**What to work on**: Please repeat every entry exactly as written, but skip the pictures.

**Supplied data**:
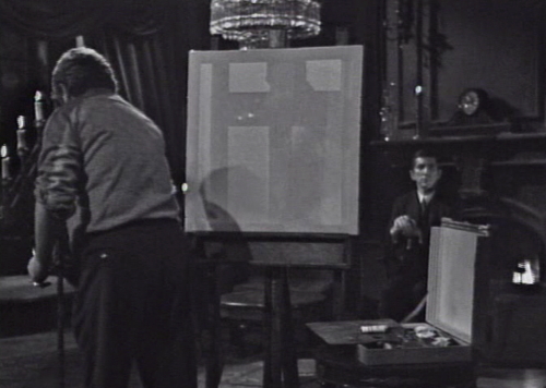 Sam sets up his easel at the Old House and gets to work, and he makes a lot of progress. It goes so well that Sam ends up painting all night. Then Barnabas hears a convenient rooster crowing, and realizes that it’s dawn. That rooster must be from the “family farm” where they keep all the cows. Where is this invisible farm? It’s got to be around here somewhere, unless that rooster is a ventriloquist.
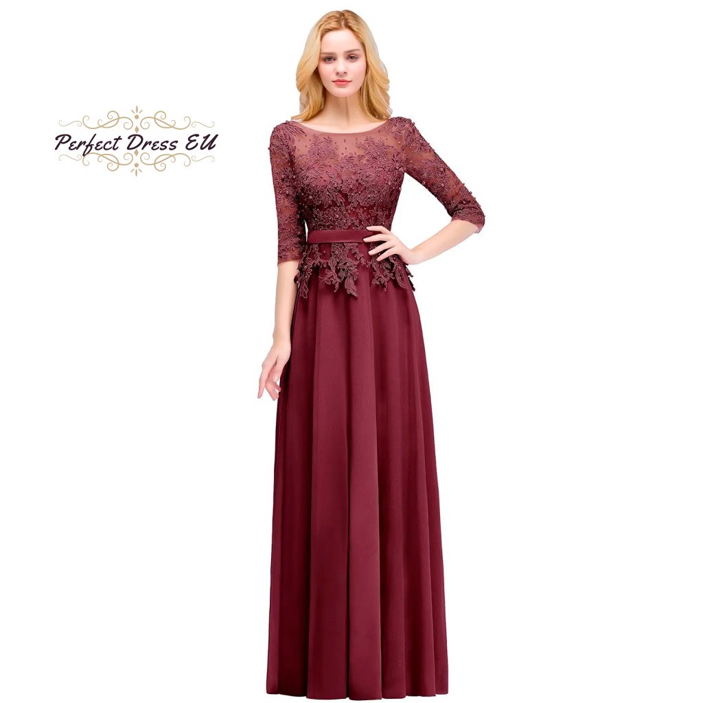 Dlouhé šifonové šaty s krajkovými aplikacemi a perlami pro slavnostní večery
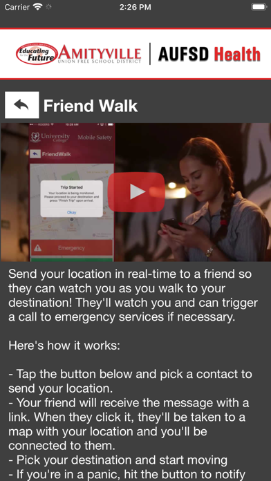 Amityville Health is an essential tool to enhance your child's safety at Amityville UFSD. The app will send you important safety alerts and provide instant access to campus safety resources. AUFSD Health is the official mobile safety app of Amityville UFSD.
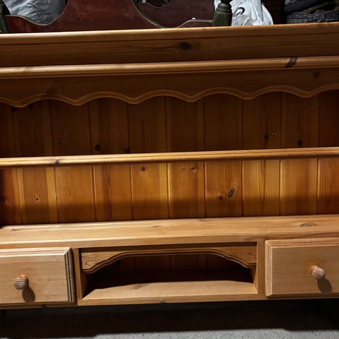 2 hyller og et skap med 2 skuffer under
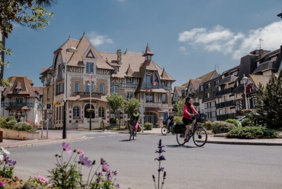 Vous rejoignez la mer en longeant le Canal de Caen à la mer, puis pédalez sur la Côte Fleurie via la station élégante de Cabourg avant d’atteindre Blonville-sur-Mer, son architecture balnéaire et ses grandes plages.
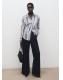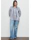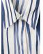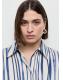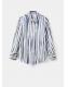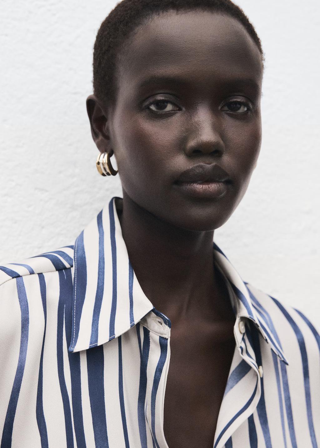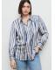 Tejido fluido con acabado satinado. Diseño recto. Estampado de rayas. Cuello camisero. Manga larga con puños abotonados. Cierre de botones en la parte delantera. Disponible Plus
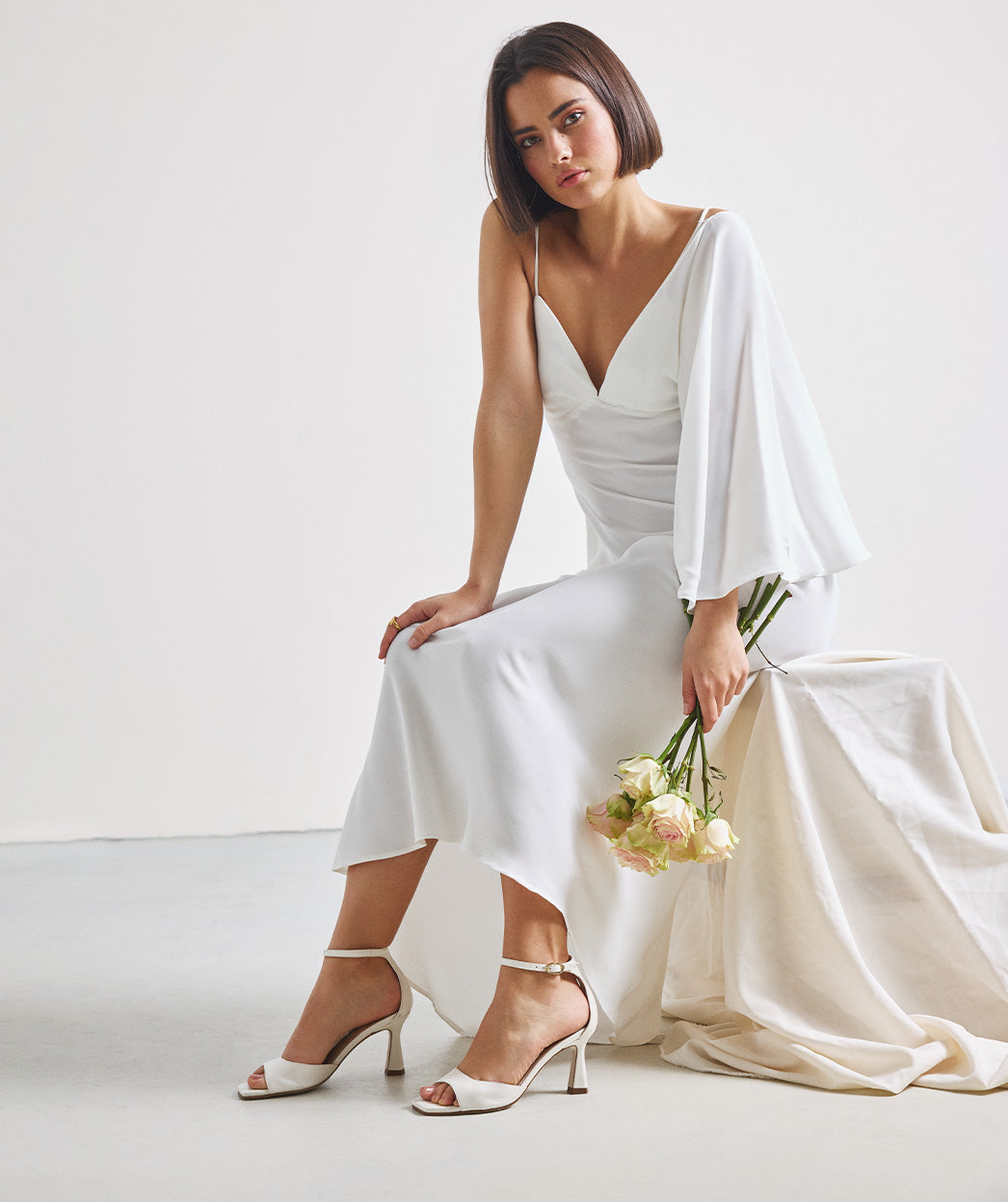 Pearl white leather heeled sandals. Imagine a basic sandal, but full of style, this is the Alayor model. The perfect model that balances elegance with simplicity.
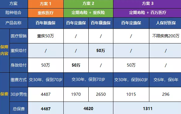 方案2:只要它是重疾,它一次可以賠付50 萬(wàn),身故可再賠 50 萬(wàn)。相比之下,方案2的保障更全面,但保費(fèi)會(huì)更貴一些。
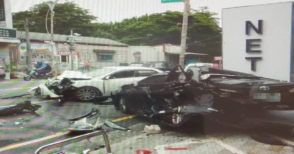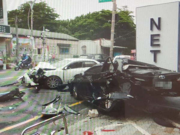 警方表示,15日上午6點52分獲報,潭子區勝利路187號前發生交通事故,到場處理發現,陳男駕駛自小客車沿勝利路北往南方向行駛,撞擊停於路邊林男(25歲)的自小客車,又撞擊許男(57歲)的自小客車及林男(52歲)的重機,又波及徒步的吳姓老翁。
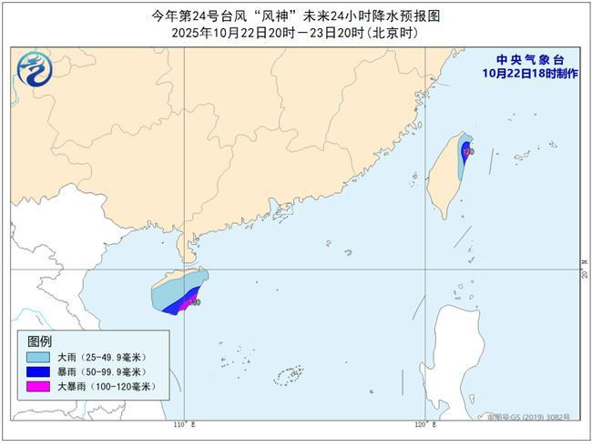 受冷空氣和“風神”的共同影響,22日20時至23日20時,海南島、台灣島北部等地有大到暴雨,其中海南島東南部、台灣島北部等地部分地區有大暴雨(100—120毫米)。
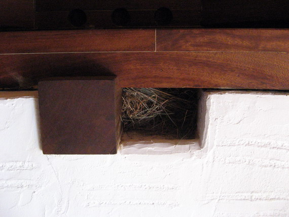 | They even stuffed some straw into the gaps in where the ceiling meets the walls to recreate the bird nests. |

**Response to this exercise**:
 Sam sets up his easel at the Old House and gets to work, and he makes a lot of progress. It goes so well that Sam ends up painting all night. Then Barnabas hears a convenient rooster crowing, and realizes that it’s dawn. That rooster must be from the “family farm” where they keep all the cows. Where is this invisible farm? It’s got to be around here somewhere, unless that rooster is a ventriloquist.
 Dlouhé šifonové šaty s krajkovými aplikacemi a perlami pro slavnostní večery
 Amityville Health is an essential tool to enhance your child's safety at Amityville UFSD. The app will send you important safety alerts and provide instant access to campus safety resources. AUFSD Health is the official mobile safety app of Amityville UFSD.
 2 hyller og et skap med 2 skuffer under
 Vous rejoignez la mer en longeant le Canal de Caen à la mer, puis pédalez sur la Côte Fleurie via la station élégante de Cabourg avant d’atteindre Blonville-sur-Mer, son architecture balnéaire et ses grandes plages.
 Tejido fluido con acabado satinado. Diseño recto. Estampado de rayas. Cuello camisero. Manga larga con puños abotonados. Cierre de botones en la parte delantera. Disponible Plus
 Pearl white leather heeled sandals. Imagine a basic sandal, but full of style, this is the Alayor model. The perfect model that balances elegance with simplicity.
 方案2:只要它是重疾,它一次可以賠付50 萬(wàn),身故可再賠 50 萬(wàn)。相比之下,方案2的保障更全面,但保費(fèi)會(huì)更貴一些。
 警方表示,15日上午6點52分獲報,潭子區勝利路187號前發生交通事故,到場處理發現,陳男駕駛自小客車沿勝利路北往南方向行駛,撞擊停於路邊林男(25歲)的自小客車,又撞擊許男(57歲)的自小客車及林男(52歲)的重機,又波及徒步的吳姓老翁。
 受冷空氣和“風神”的共同影響,22日20時至23日20時,海南島、台灣島北部等地有大到暴雨,其中海南島東南部、台灣島北部等地部分地區有大暴雨(100—120毫米)。
 | They even stuffed some straw into the gaps in where the ceiling meets the walls to recreate the bird nests. |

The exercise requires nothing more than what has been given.